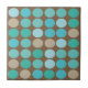 A colorful modern pattern with my original abstract art, vector art and design. This contemporary ceramic tile has a geometric graphic art pattern of dots/circles with lovely shades of aqua blue, teal, green, and chocolate brown. These modern design tiles would look great in any modern or contemporary home decor. You can use them as trivets or to decorate your home!
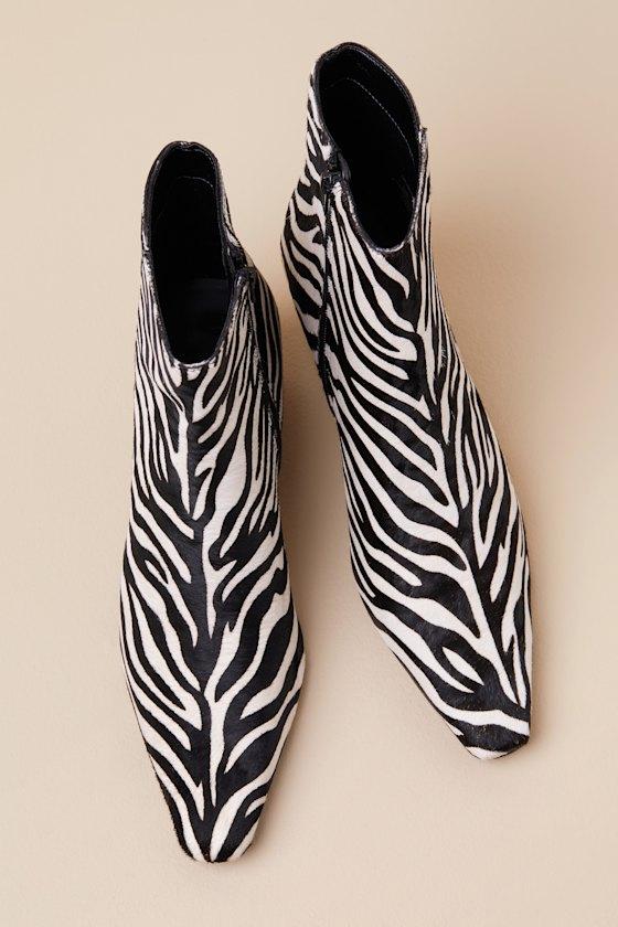 Throwback-chic meets modern perfection in the Steve Madden Delvie-A Zebra Calf Hair Pointed-Toe Ankle Boots! Sleek, genuine calf hair (with a black and white zebra print throughout) shapes these fun booties with a pointed-toe upper that rises to an ankle-high shaft. A 6.5" zipper at the instep makes for effortless on-and-off, while a low blade heel completes the look!
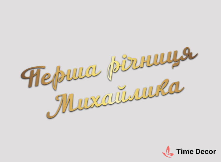 Пластиковий напис "Перша річниця Михайлика" – дзеркальний або матовий пластик, можливе виготовлення з клейкою зворотною поверхнею для легкого монтажу.
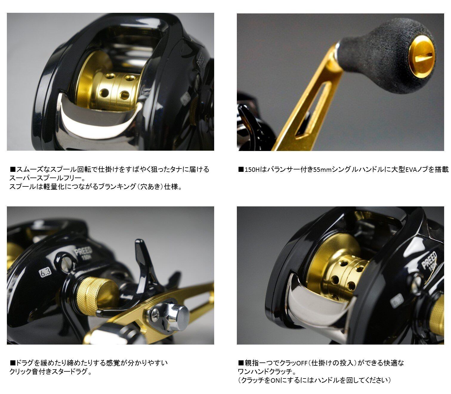 親指一つでクラッチOFF(仕掛けの投入)ができる快適なワンハンドクラッチ。
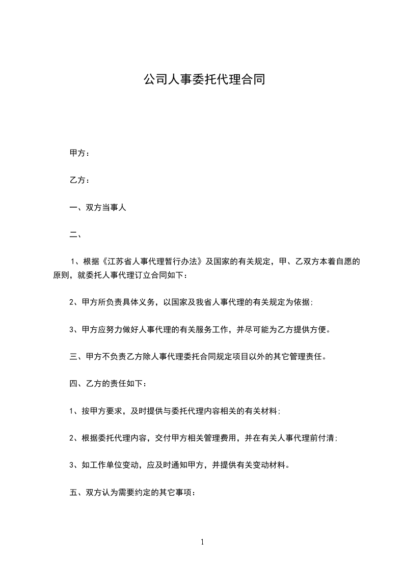 1、根据《江苏省人事代理暂行办法》及国家的有关规定,甲、乙双方本着自愿的原则,就委托人事代理订立合同如下:
⁂
> [Task statement]: Once the pictures are removed, copy the material above exactly.

> [Task response]:
 A colorful modern pattern with my original abstract art, vector art and design. This contemporary ceramic tile has a geometric graphic art pattern of dots/circles with lovely shades of aqua blue, teal, green, and chocolate brown. These modern design tiles would look great in any modern or contemporary home decor. You can use them as trivets or to decorate your home!
 Throwback-chic meets modern perfection in the Steve Madden Delvie-A Zebra Calf Hair Pointed-Toe Ankle Boots! Sleek, genuine calf hair (with a black and white zebra print throughout) shapes these fun booties with a pointed-toe upper that rises to an ankle-high shaft. A 6.5" zipper at the instep makes for effortless on-and-off, while a low blade heel completes the look!
 Пластиковий напис "Перша річниця Михайлика" – дзеркальний або матовий пластик, можливе виготовлення з клейкою зворотною поверхнею для легкого монтажу.
 親指一つでクラッチOFF(仕掛けの投入)ができる快適なワンハンドクラッチ。
 1、根据《江苏省人事代理暂行办法》及国家的有关规定,甲、乙双方本着自愿的原则,就委托人事代理订立合同如下:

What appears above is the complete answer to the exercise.